Q1取引先別の正味粗利は、仕入差(売上−仕入)に物流費・保管費を配賦し、リベートを控除した4段階で組み立てる。仕入差止まりで採算を見ると、配賦後に赤字へ反転する取引先を見落とす。Q2物流費・保管費は取引先に直課できないものが多く、出荷量・配送回数・重量・距離などの基準で取引先と商品に配賦する。基準は費用の発生実態に最も近いものを選び、一度決めたら頻繁に変えない。Q3リベート(販売奨励金)は収益認識会計基準で変動対価に当たり、原則として費用ではなく売上からの控除として扱う。控除のタイミングは、収益を認識する時と支払いを約束する時の遅い方に合わせる。Q4まず売上と仕入を取引先軸で名寄せし、配賦とリベート控除のルールを固定してから計算に入る。商品マスタの名寄せが崩れていると、取引先別の正味粗利そのものがずれる。
このガイドの位置づけ — 取引先別の正味粗利を「計算する手順」
卸売・商社で取引先別の本当の粗利が見えなくなる構造的な理由や、業界平均との比較は卸売・商社の「取引先ごとの本当の粗利が見えない」を直すにまとめています。このガイドはその先、取引先別の正味粗利を実際に計算する手順に絞ります。仕入差をどう名寄せし、物流費をどの基準で配賦し、リベートをいつ・いくら控除するか。算式と計算例で、つまずき所まで具体化します。

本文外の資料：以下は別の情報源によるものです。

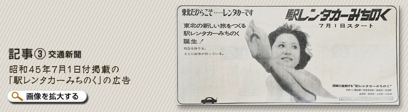 昭和45年7月1日、全国のトップ切って営業開始したのが、「駅レンタカーみちのく」と「駅レンタカー信州」の2社だ。これは、順調にスタートした1カ月間の動きをまとめた記事(記事【1】)と、そのオープンをPRする広告記事(記事【3】)だ。
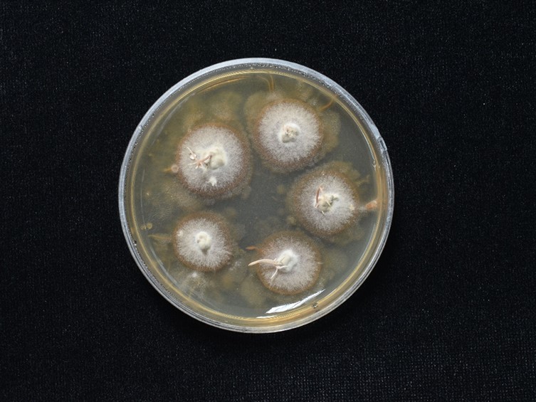 Colonies on PDA attaining a diam of 15–20 mm in 30 d, white, colonies reverse moderate reddish brown. Synnemata white to dark pink, in the middle of colonies.
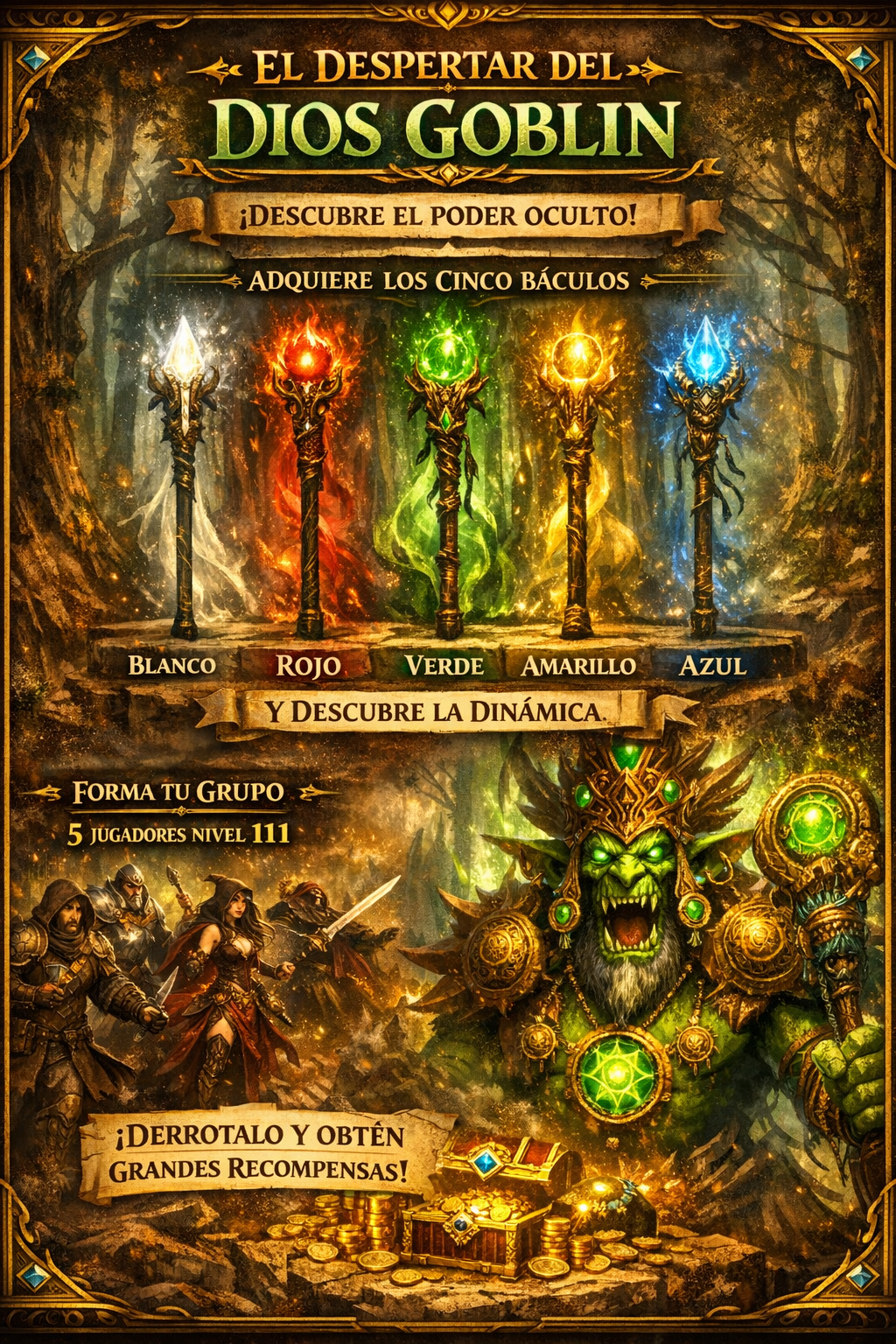 Tendrás que hacer un grupo compuesto por 5 personajes en nivel 111 para derrotar a este poderosísimo Dios, pero no te preocupes, la recompensa valdrá la pena

卸売の採算管理がむずかしいのは、原価の中心である仕入差は出しやすい一方、物流費・保管費・リベートが全社の販管費にまとめられ、取引先ごとの正味粗利に落ちてこないからです。粗利率がもともと薄い業種なので、これらを取引先別に配賦・控除して初めて、黒字と思っていた取引先の採算が反転する、という実態が見えます。
取引先別の正味粗利を出す4ステップ
正味粗利は、次の順で段階的に組み立てます。いきなり全費用を精緻に配賦せず、名寄せと金額の大きい費用から固めるのが定石です。

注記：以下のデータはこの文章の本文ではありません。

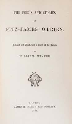 The poems and stories of Fitz-James O'Brien. Boston: James R. Osgood and Company, 1881.Blue cloth boards; spine somewhat sunned. With previous owner's bookplate to front pastedown and publishers ads at rear.

ステップ1|売上と仕入を取引先軸で名寄せして仕入差を出す
最初に、売上明細と仕入明細を取引先別・商品別に名寄せします。卸売でつまずきやすいのがここで、同じ商品が取引先や仕入先ごとに別コードで登録されていると、仕入差が正しく集計できません。商品マスタを整え、取引先ごとに「売上−仕入=仕入差(売上総利益)」を出します。ここはもっとも紐づけやすい段階で、配賦の議論に入る前の土台になります。
ステップ2|物流費・保管費を取引先・商品に配賦する
配送費・保管費は特定の取引先に直課できないものが多く、配賦が必要です。費用の発生実態に近い基準を選びます。配送費は出荷量・配送回数・重量・距離、保管費は保管スペースや平均在庫量が定番です。原価計算基準も、複数の対象に共通して発生する間接費は適切な配賦基準で割り当てるという考え方を示しています。配賦の進め方の基本は人件費・共通費の配賦の決め方にまとめています。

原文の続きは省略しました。